An autopsy report later ruled Dave’s death as accidental. He was found with toxic levels of cocaine,
ethanol and fentanyl in his system, a combination that interacted lethally with an “underlying
natural disease of the heart.”

But Lynn says she believes those drugs were treatments Dave sought for a different problem. She
blames viral fame for his death and the platforms that power it. “They’re all drugs.”
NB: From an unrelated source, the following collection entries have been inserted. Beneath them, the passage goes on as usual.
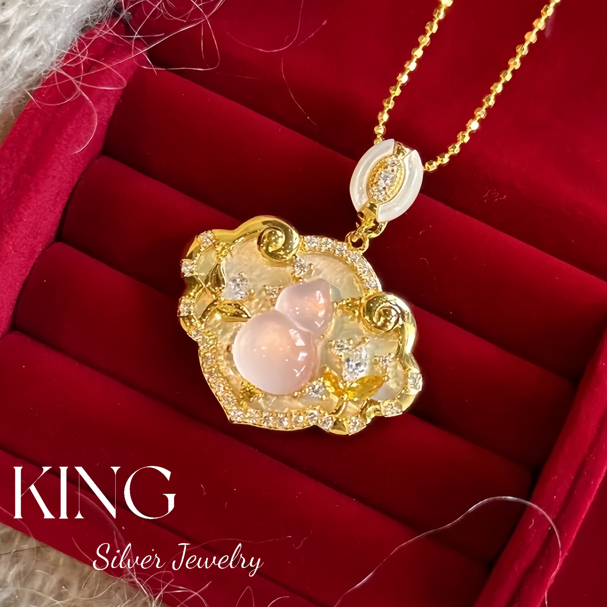 Ruyi Gourd | King Silver Jewelry 925 Silver Gold-Plated Pink Crystal Gourd White Mother-Of-Pearl Vintage Sterling Silver Necklace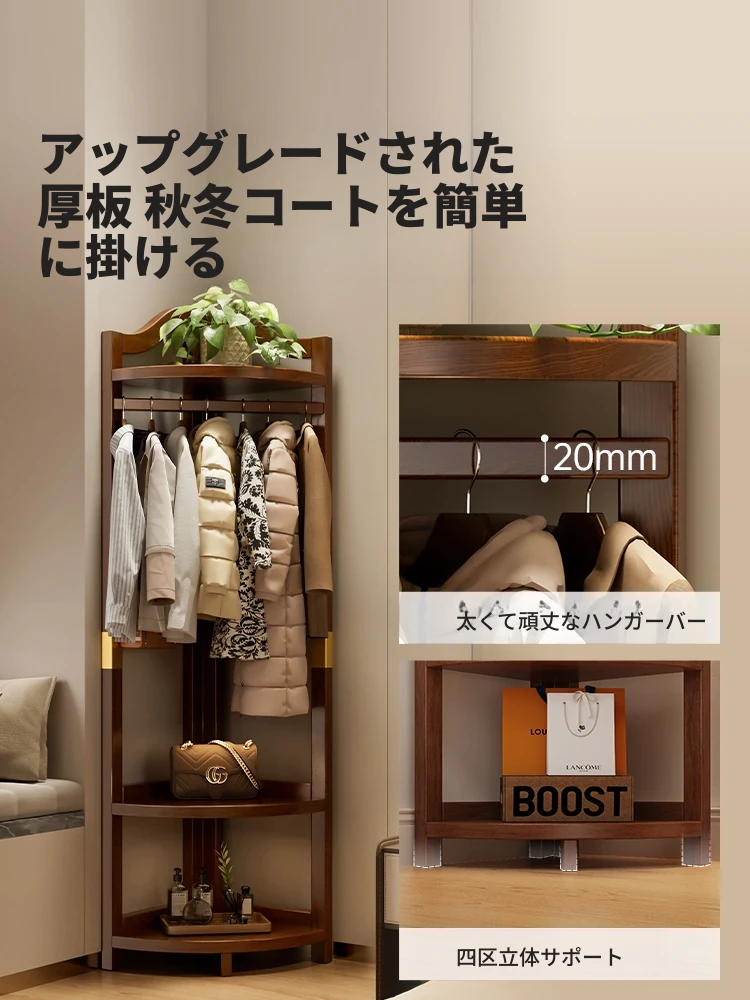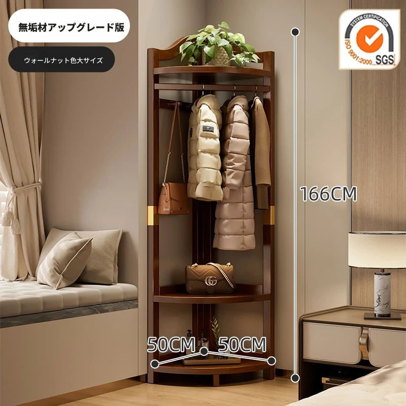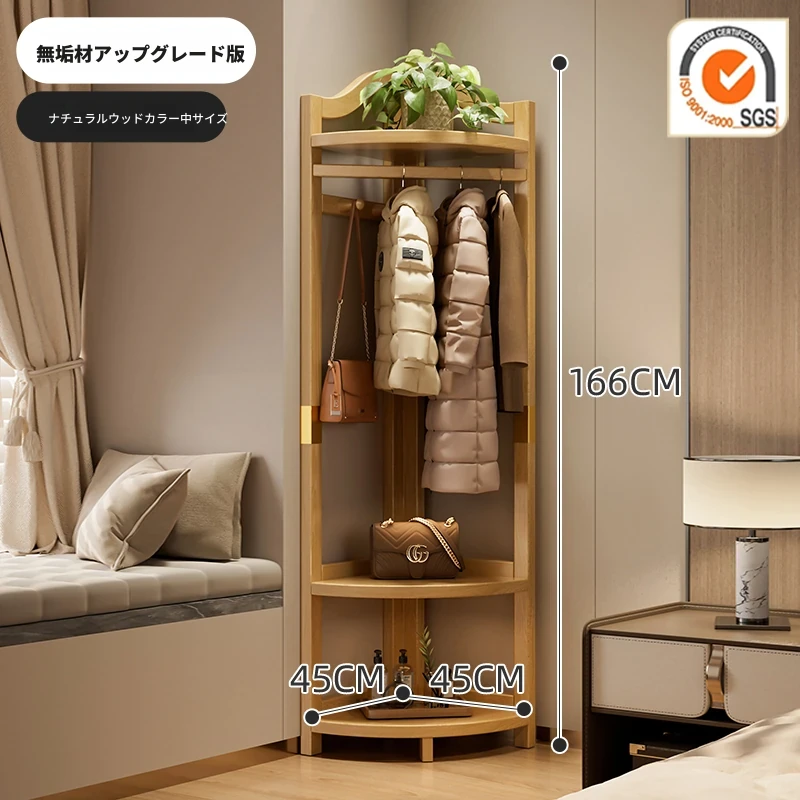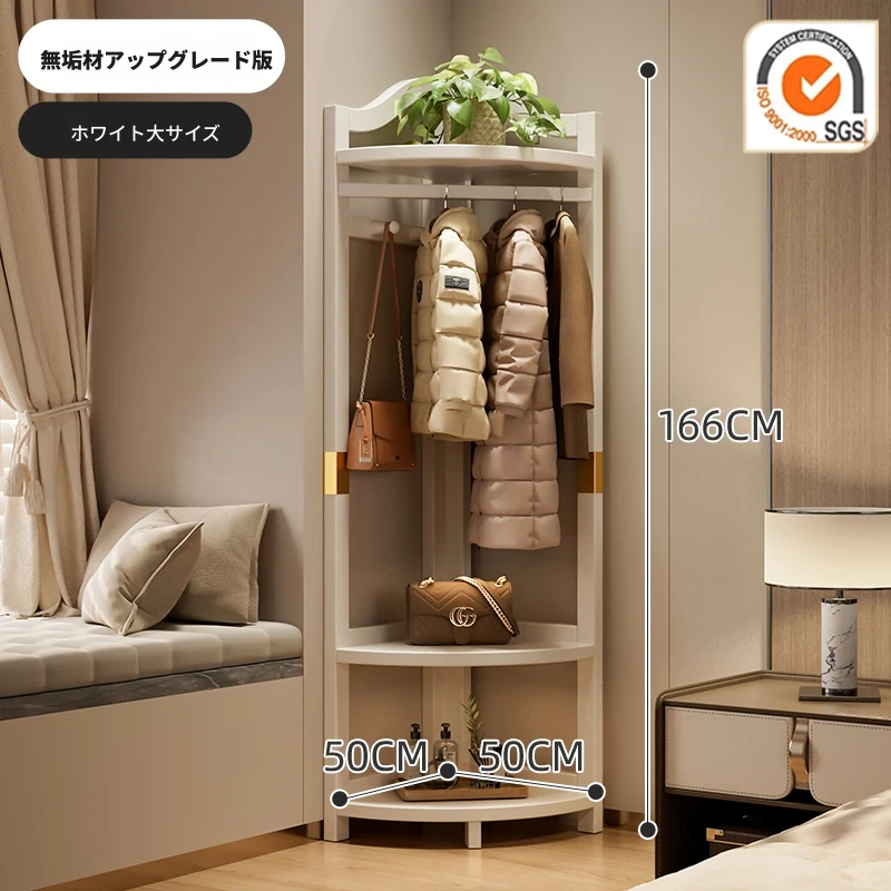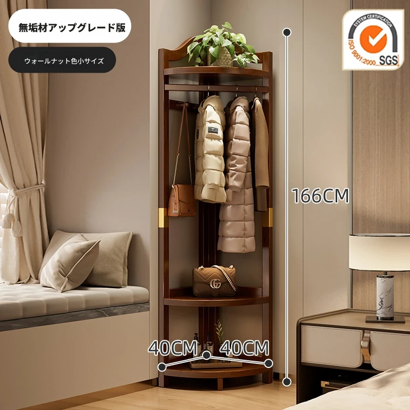 角にぴったり!省スペースで使える衣帽架 - 寝室や玄関に最適なスタイリッシュな掛ける収納ラック。ベッドサイドでも活躍する角棚で、整理整頓をお手伝いします。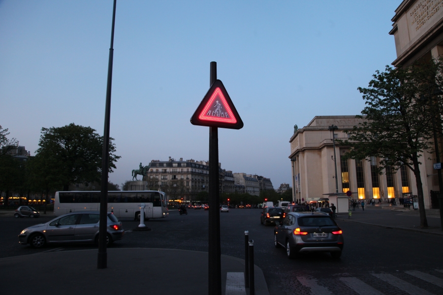 I-ROAD Technology has independently developed an optical Fresnel lens to improve the brightness and angle of LED light-emitting diodes, making them more suitable for all types of road users to see luminous signs. LEDs are densely arranged on the surface of traffic signs to form regular text, graphics, and symbols, enhancing the brightness contrast between different colors and achieving an almost perfect visual experience and effect. It has low energy consumption, high brightness, and a lifespan of over 7 years. Even when the power is off, it remains a traditional retroreflective sign because its surface is coated with a reflective film.

Months later, Wehan described Dave’s drug use as the “locked door” that influencers never open to
their followers. At the memorial service, Wehan tried to piece together his own memories with
snapshots from strangers who knew Dave from his online life, fragments he struggled to put into a
fuller picture. Most troubling of all was how Dave, the man who’d surrounded himself with friends
since childhood, who had nearly half a million followers at his command, had died alone.

Dave was found, he learned, with his phone on his chest.